CEOs can rest easy: The Elon Musk ruling is not the end for outsized pay packages
Published Date: 2/1/2024
Source: axios.com

Elon Musk almost certainly makes too much money as Tesla's CEO, but that's not the main reason a Delaware judge voided his pay package this week.

Why it matters: CEOs can breathe easy — their oft-criticized outsized pay packages are likely safe.


  • The ruling from the Delaware Court of Chancery, overturning Musk's eye-watering $56 billion compensation — the most ever paid to a public company CEO, per the ruling — won't do much to take the air out of inflated executive compensation, legal and compensation experts told Axios.

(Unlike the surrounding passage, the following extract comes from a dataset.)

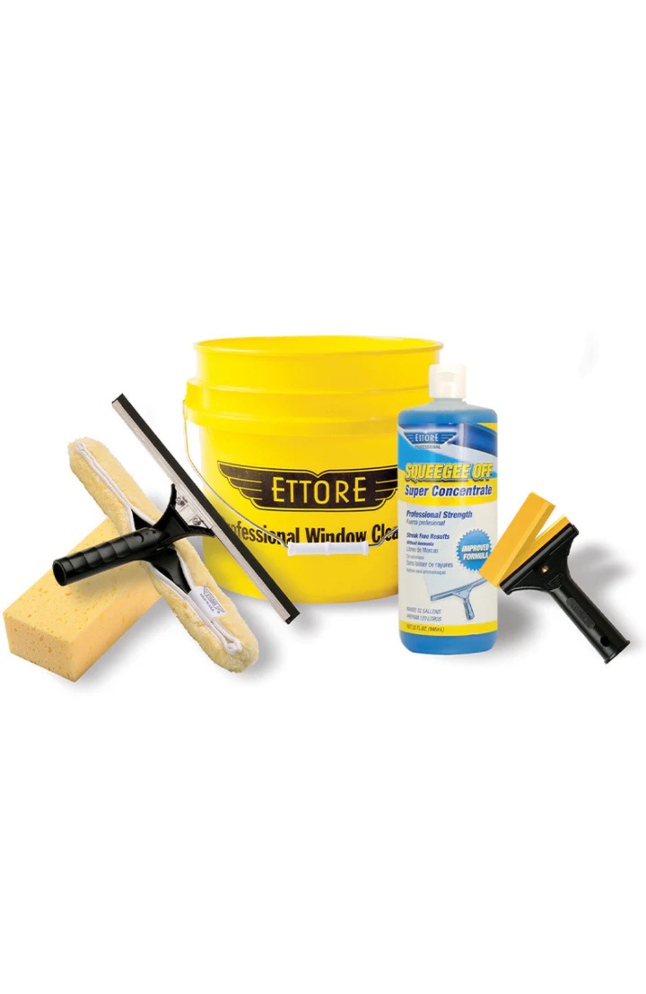 Una botella de 32 onzas de solución de limpieza de ventanas profesional Squeegee-Off® y una esponja de celulosa también forman parte del kit, proporcionando todo lo necesario para abordar la suciedad, la grasa y las rayas con facilidad.

What they're saying: While his pay is "staggering by any measure, that was just icing on the cake," says Brian Dunn, who spent 40 years as a compensation consultant and now teaches the subject at Cornell University.

  • The real issue was the Tesla board's process in signing off on the package.

Zoom in: "The process leading to the approval of Musk's compensation plan was deeply flawed," writes the court's Chancellor Kathaleen McCormick in a 201-page ruling.

  • She details Musk's chummy ties with the board members who approved the pay package — particularly Antonio Gracias, a Musk loyalist, and one of the board members on the compensation committee's working group on the pay package.
  • "They meet outside of work as frequently as once a month. They have spent the night at each other's homes," McCormick writes of their relationship. "They have vacationed together with their respective families, including a trip to illusionist David Copperfield's Bahamian island, a trip to Africa, and a ski trip. They have spent Christmas together."

"Given the collection of people tasked with negotiating on Tesla's behalf, it is unsurprising that there was no meaningful negotiation over any of the terms of the plan."

  • The lack of board independence might have been OK, but McCormick said the board failed to disclose it to shareholders. Tesla described the compensation committee members as independent in its filing on pay. That was decidedly "untrue," per the ruling.
  • That meant shareholders didn't have a clear understanding of the compensation proposal when they voted in favor of it. (The Delaware suit was filed by a shareholder in 2018.)

The big picture: It's not unusual for a board to be stocked with CEO friends and loyalists, though the Tesla board is probably cozier than most — Elon's brother, Kimbal, is on the board, for example.

  • And objecting to a CEO's pay isn't the norm — boards want to keep their guys happy. "It's very rare for a comp committee or a board to really push back," says Dunn.
  • Shareholders typically have little say in the process — every company has to put CEO pay to a shareholder vote, a process born in Dodd-Frank — but these "say on pay" votes are not binding. "Window dressing," Dunn says.

Between the lines: The decision to void Musk's pay is likely more about Musk and his extreme behavior, says John Coffee, a professor at Columbia University Law School.

  • The ruling shows that "if you go too far, Delaware will examine the transaction closely under a microscope and you can fail it," he says. "I don't think this decision is going to threaten very many corporations."

Zoom out: The Delaware court specializes in hearing business cases from the million-plus companies incorporated in the state. And typically, it defers to a board's business judgment in pay matters.

  • This is just the second time a case like this has come before the Delaware court, Dunn says. And it's the first time the court has ruled against a CEO pay package, he adds.
  • Back in 2005, the court ruled against Disney shareholders who sued the company over former president Michael Ovitz's severance package. At the time it was viewed as outsized at $140 million.

For the record: Tesla hasn't commented on the decision yet, but Musk has posted to X, "Never incorporate your company in the state of Delaware."

  • He recommends Texas or Nevada instead; though it's unclear if he'd move Tesla out of the state, or if other companies would follow his advice.

What's next: Observers expect that Tesla will appeal to the Delaware Supreme Court, but that the decision will likely be upheld.

  • "This is an extremely fact-based decision," Coffee says. "And those are very hard to reverse."
  • "I don't think this will produce any kind of pressure among corporate governance lawyers to say we've got to leave Delaware," he says, adding that this doesn't change any particular law.